Methodology references (required if estimator / math changes)

  • Method name(s): SyntheticDiD (post-fit diagnostics; core estimator and variance math unchanged).
  • Paper / source link(s): Arkhangelsky, D., Athey, S., Hirshberg, D. A., Imbens, G. W., & Wager, S. (2021). Synthetic Difference-in-Differences. American Economic Review, 111(12), 4088-4118.
  • Any intentional deviations from the source (and why):
    • in_time_placebo() reuses self.zeta_omega / self.zeta_lambda by default instead of recomputing auto-zeta per fake window (matches R synthdid convention of treating regularization as a property of the original fit). Labelled **Note:** in REGISTRY.md.
    • sensitivity_to_zeta_omega() holds the original Frank-Wolfe time weights fixed to isolate sensitivity to zeta_omega; zeta_lambda sensitivity is not exposed. Labelled **Note:** in REGISTRY.md.

Validation

  • Tests added/updated: tests/test_methodology_sdid.py gains 33 new tests across TestFitSnapshot, TestTrajectories, TestLooEffectsDf, TestWeightConcentration, TestInTimePlacebo, TestSensitivityToZetaOmega, TestPractitionerSdidReferences - covering snapshot shapes and read-only contract, unweighted and survey-weighted trajectories, LOO DataFrame correctness (positional mapping, NaN propagation, ValueError on non-jackknife variance), concentration metrics under composed survey weights, negative top_k validation, in-time placebo default sweep feasibility, empty-default schema preservation, explicit-list override, zeta refit regression at multiplier=1.0, and the exact documented default grid values.
  • Backtest / simulation / notebook evidence (if applicable): N/A - diagnostics only; no estimator math changes.

Security / privacy

  • Confirm no secrets/PII in this PR: Yes

igerber and others added 4 commits April 16, 2026 07:09
Frames the problem space for improving SyntheticDiD validation
diagnostics - the gap between getting an estimate and being confident
it's reliable. Captures current state, opportunities from the
jackknife work, and what a complete validation workflow looks like.
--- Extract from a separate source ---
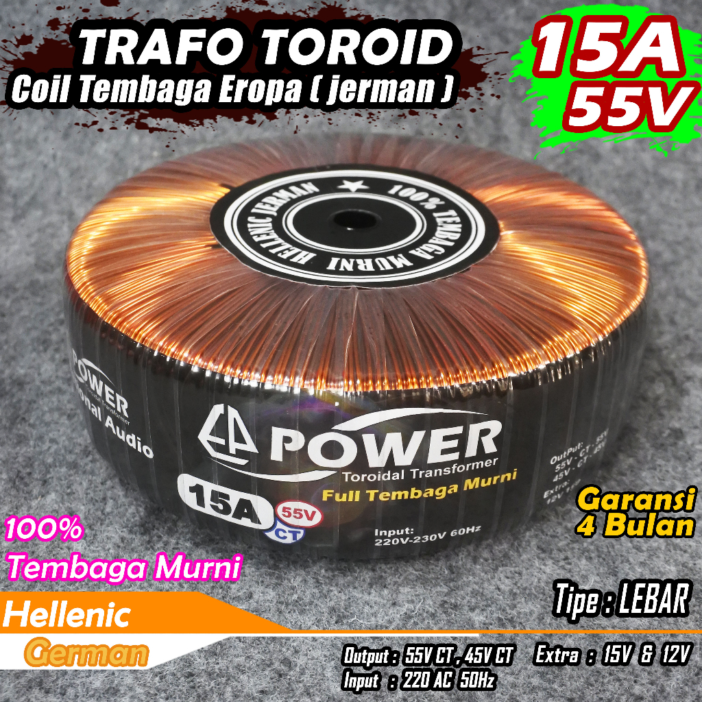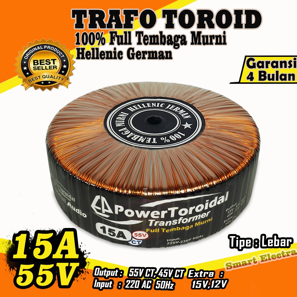 Trafo Toroid 15A 55V CT - 45V CT MURNI Full Tembaga Murni Hellenic Jerman

Co-Authored-By: Claude Opus 4.6 (1M context) <noreply@anthropic.com>
Adds five post-fit diagnostics so practitioners can follow a credible
synthetic control validation workflow without reverse-engineering
internals:

- get_loo_effects_df(): joins jackknife LOO pseudo-values to unit IDs
- get_weight_concentration(): effective N, Herfindahl, top-k share
- in_time_placebo(): re-fit on shifted fake treatment periods (sweeps
  all feasible pre-periods by default; reuses self.zeta_omega per R
  synthdid convention)
- sensitivity_to_zeta_omega(): ATT across a log-spaced zeta grid,
  time weights held fixed
- Trajectories: synthetic_pre/post and treated_pre/post retained on
  results for plotting and custom fit metrics

Retains a private _SyntheticDiDFitSnapshot (Y matrices, unit IDs,
period lists, survey weights) on results to support re-estimation.
Threads unit IDs through the existing jackknife loops so placebo_effects
entries can be mapped back to user-facing identities.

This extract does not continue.